The H5N1 papers certainly do not mark the first time that worries have been raised about how to prevent scientific research from threatening our security. In the 10 years leading up to these publications, for example, no fewer than four reports came out of the National Research Council about science and security. Those reports, in turn, built on other efforts to govern security concerns in science since the world wars. These efforts continue today as yet another National Academies’ committee, on “Dual Use Research of Concern: Options for Future Management,” considers recommendations to control sensitive pieces of scientific studies, with attendant new procedures for how those sensitive findings would be stored and for vetting who would have access to them.

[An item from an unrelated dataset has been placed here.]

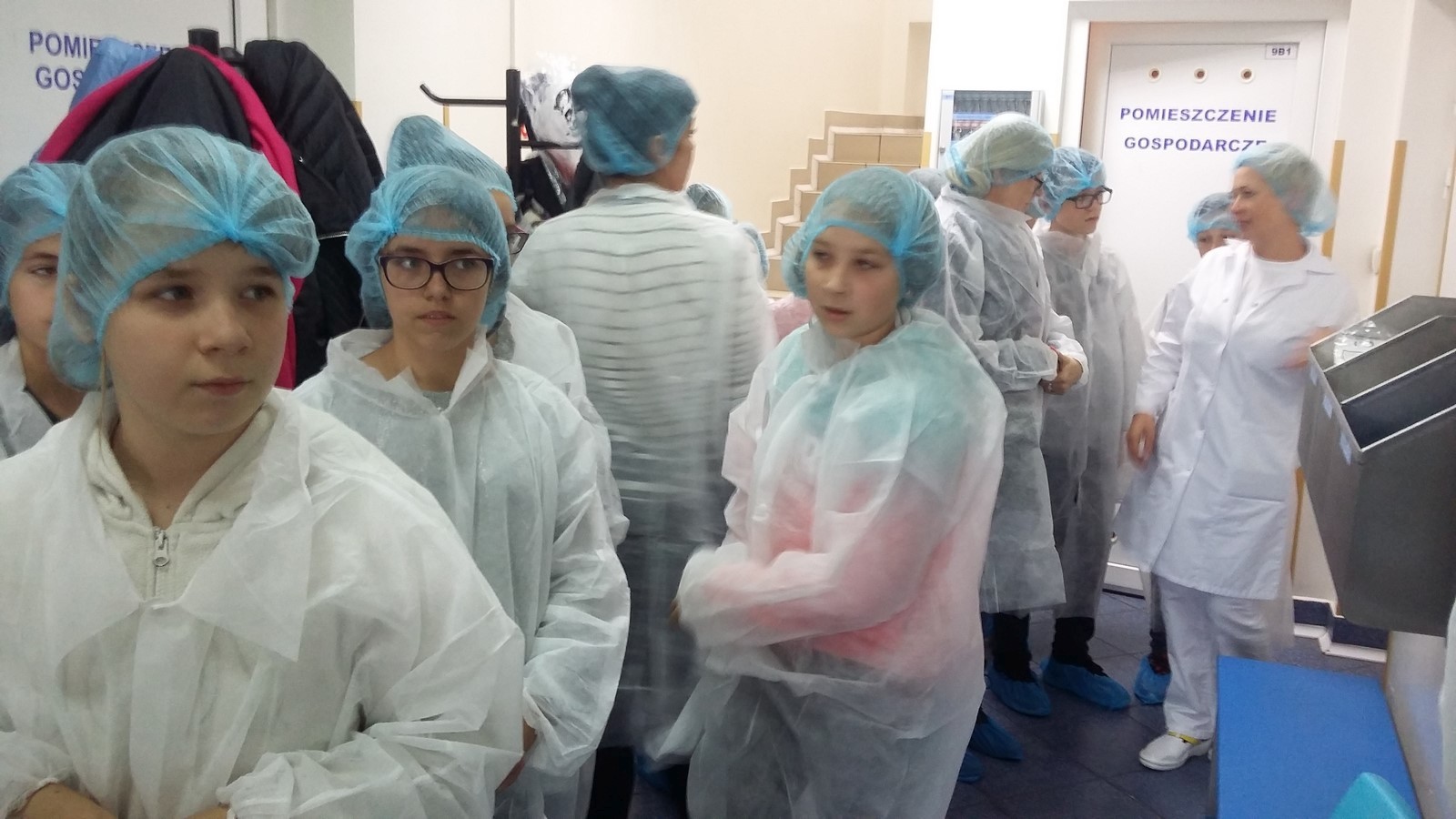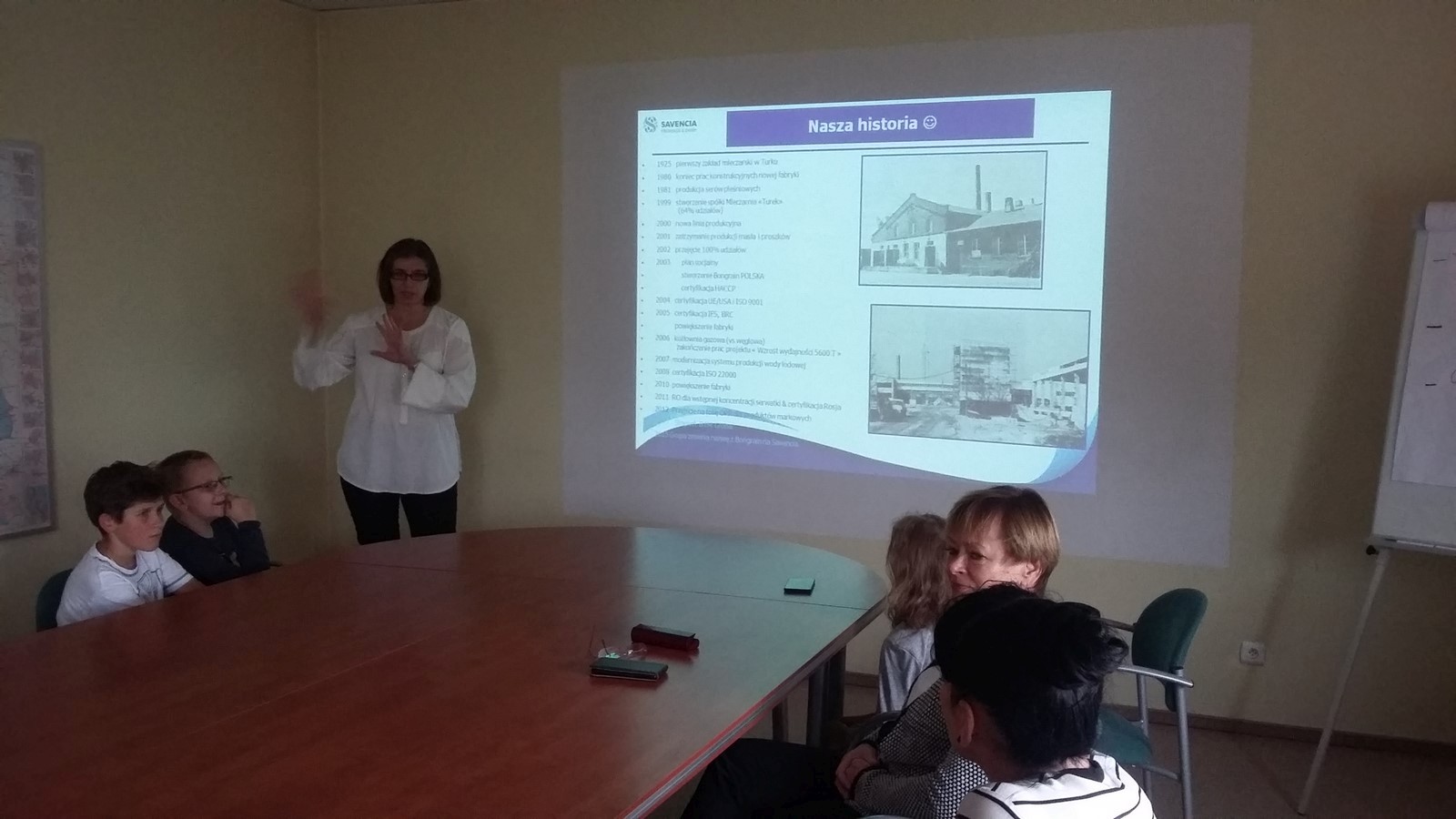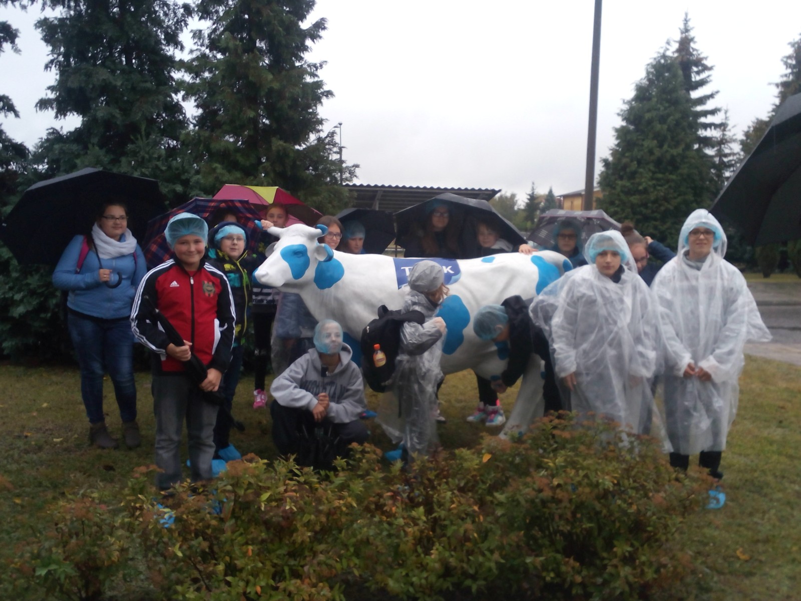 Spotkaliśmy się wszyscy przed szkołą o godzinie 11:25 i wyruszyliśmy na wyprawę. Padało, na szczęście mieliśmy parasole oraz płaszcze przeciwdeszczowe. Dotarliśmy do budynku, zdjęliśmy kurtki, a jedna z pracowniczek zaprowadziła nas do sali. W pokoju stał ogromny stół, przy którym usiedliśmy. Przedstawiciele firmy opowiedzieli nam o produkcji sera i osobach przy niej pracujących. Poznaliśmy historię zakładu. Zobaczyliśmy, w jaki sposób są wykonane opakowania. Dowiedzieliśmy się również, kto zarządza całą mleczarnią i poszczególnymi działami oraz jak i skąd dostarczane jest mleko. Następnie przeszliśmy do budynku, gdzie są wyrabiane sery. Musieliśmy ubrać specjalne czepki, płaszcze i osłony na buty, ponieważ zakład przywiązuje dużą wagę do czystości. Weszliśmy na korytarz, z którego mogliśmy obejrzeć produkcję. Pożegnaliśmy się z pracownikami i wróciliśmy do szkoły.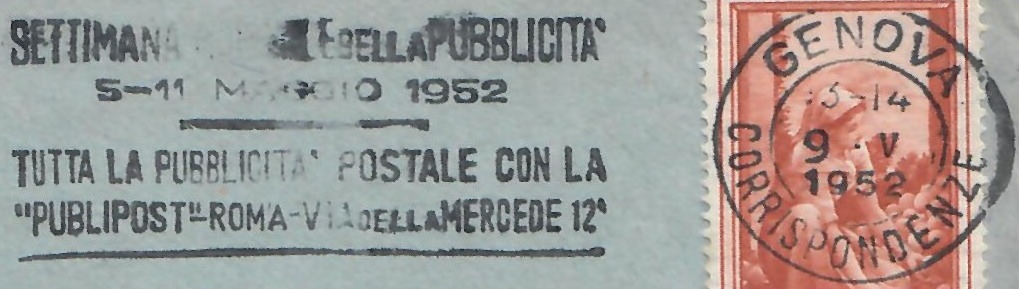 Lettera primo porto affrancata con il 25 lire Italia al Lavoro – Genova, 9 maggio 1952:

But before creating another—likely very costly—system to govern security concerns, we ought to consider the validity of the foundation on which this whole form of governance is based. Our current system builds on assumptions about the structure of knowledge and the relationship between science and the state that do not match up with actual practice. By continuing to be guided by such assumptions, we risk overplaying some concerns and expending unnecessary resources and anxiety for marginal returns on security, while missing an opportunity to enhance security in other ways.

Scientific society

Most scientists know that myriad factors—from previous research to funding sources to the pressures of the academic merit system and a drive to profit from new ideas—have a significant impact on the content and direction of research programs. Current research sits within an ecosystem of sponsors, universities, federal and state oversight, and other factors that principal investigators must quickly master if they are to advance their careers. Similarly, scientists must have at least an unconscious appreciation of the importance of things such as lab training to build the skill set necessary to understand the knowledge transmitted in publications and to use those skills and training to create new knowledge and applications. When a paper says, for instance, that a certain method was used, unless a scientist is familiar with that method, the ability to assess and use the knowledge is limited.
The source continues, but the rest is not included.